NVIDIA RTX Spark is the company's first consumer-class superchip — a single system-on-chip that pairs a Blackwell RTX GPU, a 20-core Grace CPU, and up to 128 GB of unified memory, pitched as a way to run large AI agents entirely on the device rather than in the cloud. It was unveiled at the COMPUTEX 2026 keynote, delivered by Jensen Huang at the Taipei Music Center on May 31 / June 1.
The pitch is genuinely new for the personal computer: NVIDIA states that RTX Spark can run a 120-billion-parameter model with a context window of up to one million tokens locally, with no cloud round-trip and no data leaving the machine. If that holds up under independent testing, it reshapes the calculus for any team that has avoided local inference because the hardware couldn't hold a serious model.
This guide covers what was actually announced, the silicon underneath, the single most-confused spec in all the coverage (the bandwidth numbers), why the "1 petaflop" figure needs an FP4 asterisk, and NVIDIA's OpenShell runtime for keeping autonomous agents sandboxed. Every performance figure here is a vendor claim on pre-production hardware — we label them as such and tell you what to verify. For the wider keynote, see our COMPUTEX 2026 keynote first-take.
- 01RTX Spark is one chip, three compute domains.A Blackwell RTX GPU, a 20-core Grace CPU (10× Cortex-X925 + 10× A725), and an NPU share up to 128 GB of LPDDR5X unified memory on a single SoC built on TSMC's 3nm process — roughly 70 billion transistors.
- 02The bandwidth numbers get conflated everywhere.600 GB/s is the NVLink-C2C CPU-to-GPU interconnect bandwidth. The LPDDR5X memory bandwidth is a separate, lower figure (~273–300 GB/s). They are not the same number, and most coverage runs them together.
- 03'1 petaflop' is an FP4 figure, not general compute.NVIDIA rates RTX Spark at 1 petaflop of FP4 (4-bit) AI performance via fifth-gen Tensor Cores. Lower-precision math inflates the TFLOP count; '1 petaflop of FP4' is not '1 petaflop of general AI compute.'
- 04OpenShell is the agent-security layer — and it's early.An open-source runtime with kernel-level sandboxing, a YAML policy engine, and a Privacy Router that masks PII before routing to cloud models. It is a pre-1.0 release (0.0.x), so do not treat it as production-hardened.

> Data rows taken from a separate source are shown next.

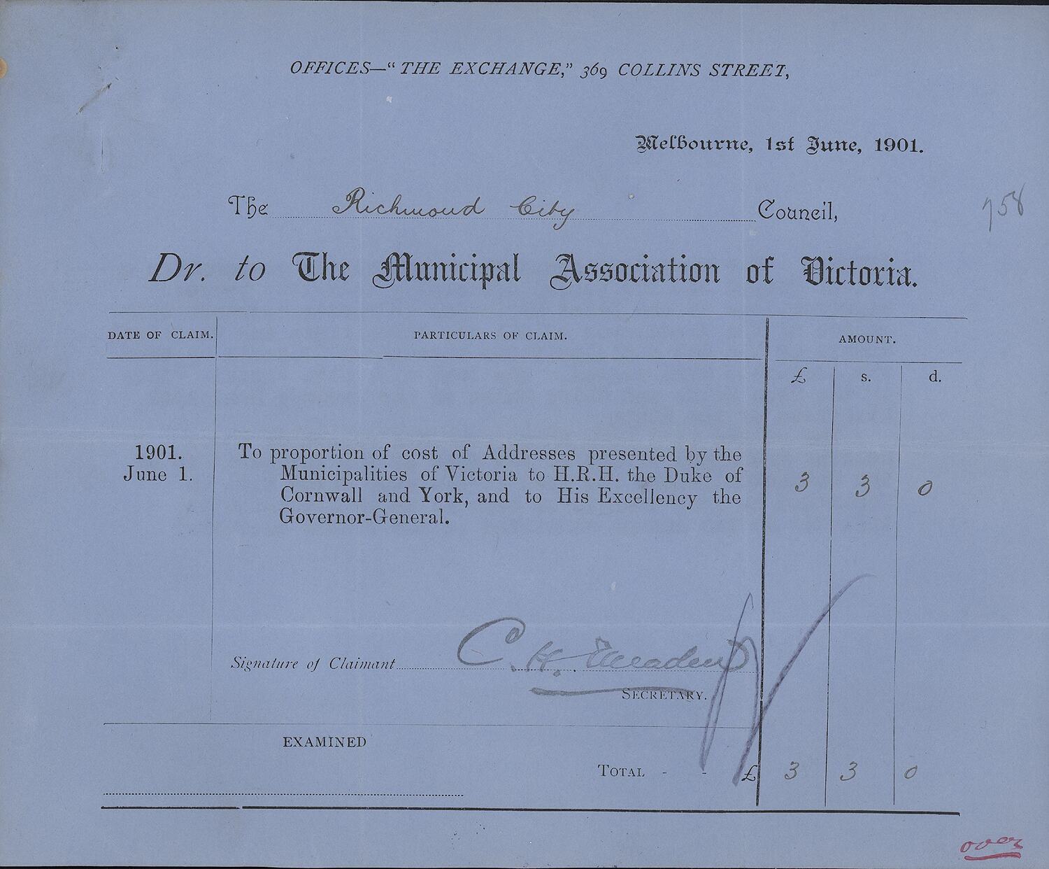 Obverse: OFFICES- " THE EXCHANGE ,' 369 Collins Street, / Melbourne, 1st June, 1901. / The [handwritten] Richmond City Council, / Dr. to the Municipal Association of Victoria. tabled: [left column]DATE OF CLAIM / 1901/ June 1 [centre column] PARTICULARS OF CLAIM./ To proportion of cost of Addresses presented by the / Municipalities of Victoria to H.R.H. the Duke of Cornwall and York, and to His Excellency the /Governor- General. /SIgnature of Claimant [stamped] C.H.Weaden/ Secretary/ EXAMINED/ TOTAL [right column] AMOUNT / £ s. d. /3:3:0/ £3:3:0 Reverse: (MEMO:- The Municipal Association has now in preparation a Volume (Royal 4to 120 pages ) containing half tone pro[illeg] reproductions of the Joint Municipal Addresses, together with copies of the signatures of all the Councillors and Municipal Clerks of the 250 Municipalities throughout Victoria by whom the Addresses were signed. The Book will also contain views of the Town Halls and Shire Halls of the various Municipal Districts of the State. / The volume will form an appropriate record of those holding Municipal Office at the date of the Inauguration of the Commonwealth, and the cost of the copy which will be forwarded to your Council as soon as it is available is included in the amount mentioned in the within account.)
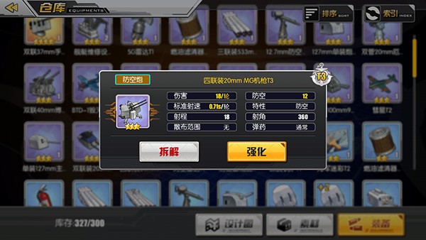 设备则好比是功能插件,主要有舰艇维修设备(仅限维修舰)、对空雷达、火控雷达、防鱼雷隔舱、液压弹射装置、SG雷达、电动扬弹机、液压舵机、改良锅炉、海军迷彩、燃油滤清器、航空副油箱、链式装弹机、陀螺仪、维修工具、灭火器,不同的设备发挥着不同的作用。
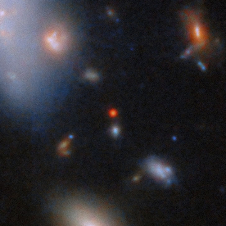 «Галактика относится к классу так называемых «маленьких красных точек» – очень далеких и компактных объектов, известное число которых растет благодаря глубоким обзорам «James Webb». На снимках она выглядит как крошечный круглый красный объект среди множества более крупных и ярких галактик скопления», – рассказывают участники наблюдений.
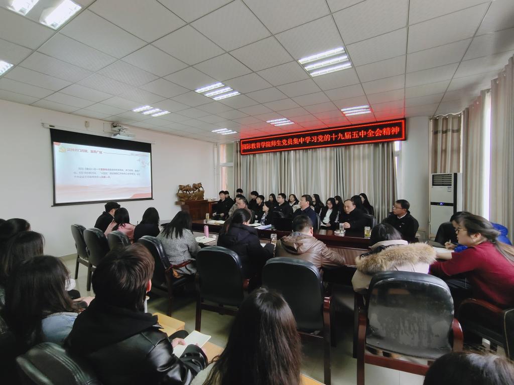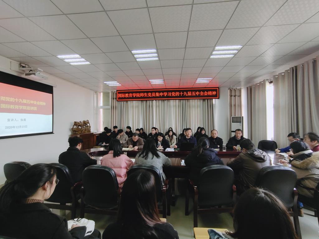 会上,学院党委书记张震传达了《中共信阳师范学院委员会关于认真学习宣传贯彻党的十九届五中全会精神》文件精神;姚新春通报了3003新葡的京集团网址学习宣传贯彻党的十九届五中全会精神宣讲团的相关安排。
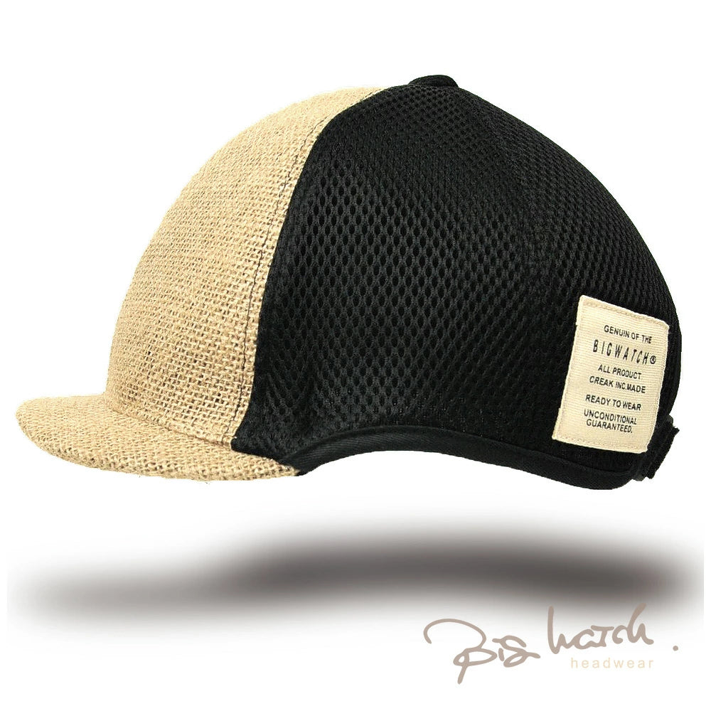 ヘンプ メッシュ ラウンド アンパイアキャップ BIGWATCH ベージュ ブラック ビッグサイズ ビッグワッチ 無地 つば 短い キャップ 春 夏 秋 UVケア

- 05Availability is fall 2026; pricing is unconfirmed.NVIDIA projects 30+ laptop models and 10+ desktop configurations across major OEMs, with 100+ Windows ISVs adopting the platform. No OEM has disclosed final retail pricing as of June 1, 2026.
01 — What Was UnveiledA consumer superchip, announced at COMPUTEX.
NVIDIA unveiled RTX Spark during the GTC Taipei / COMPUTEX 2026 keynote, delivered by Jensen Huang at the Taipei Music Center. The timing spans a date line — May 31 in Pacific time, June 1 in Taipei — which is why some coverage dates it to May 31 and some to June 1. Both are correct for different time zones; this post follows the Taipei date.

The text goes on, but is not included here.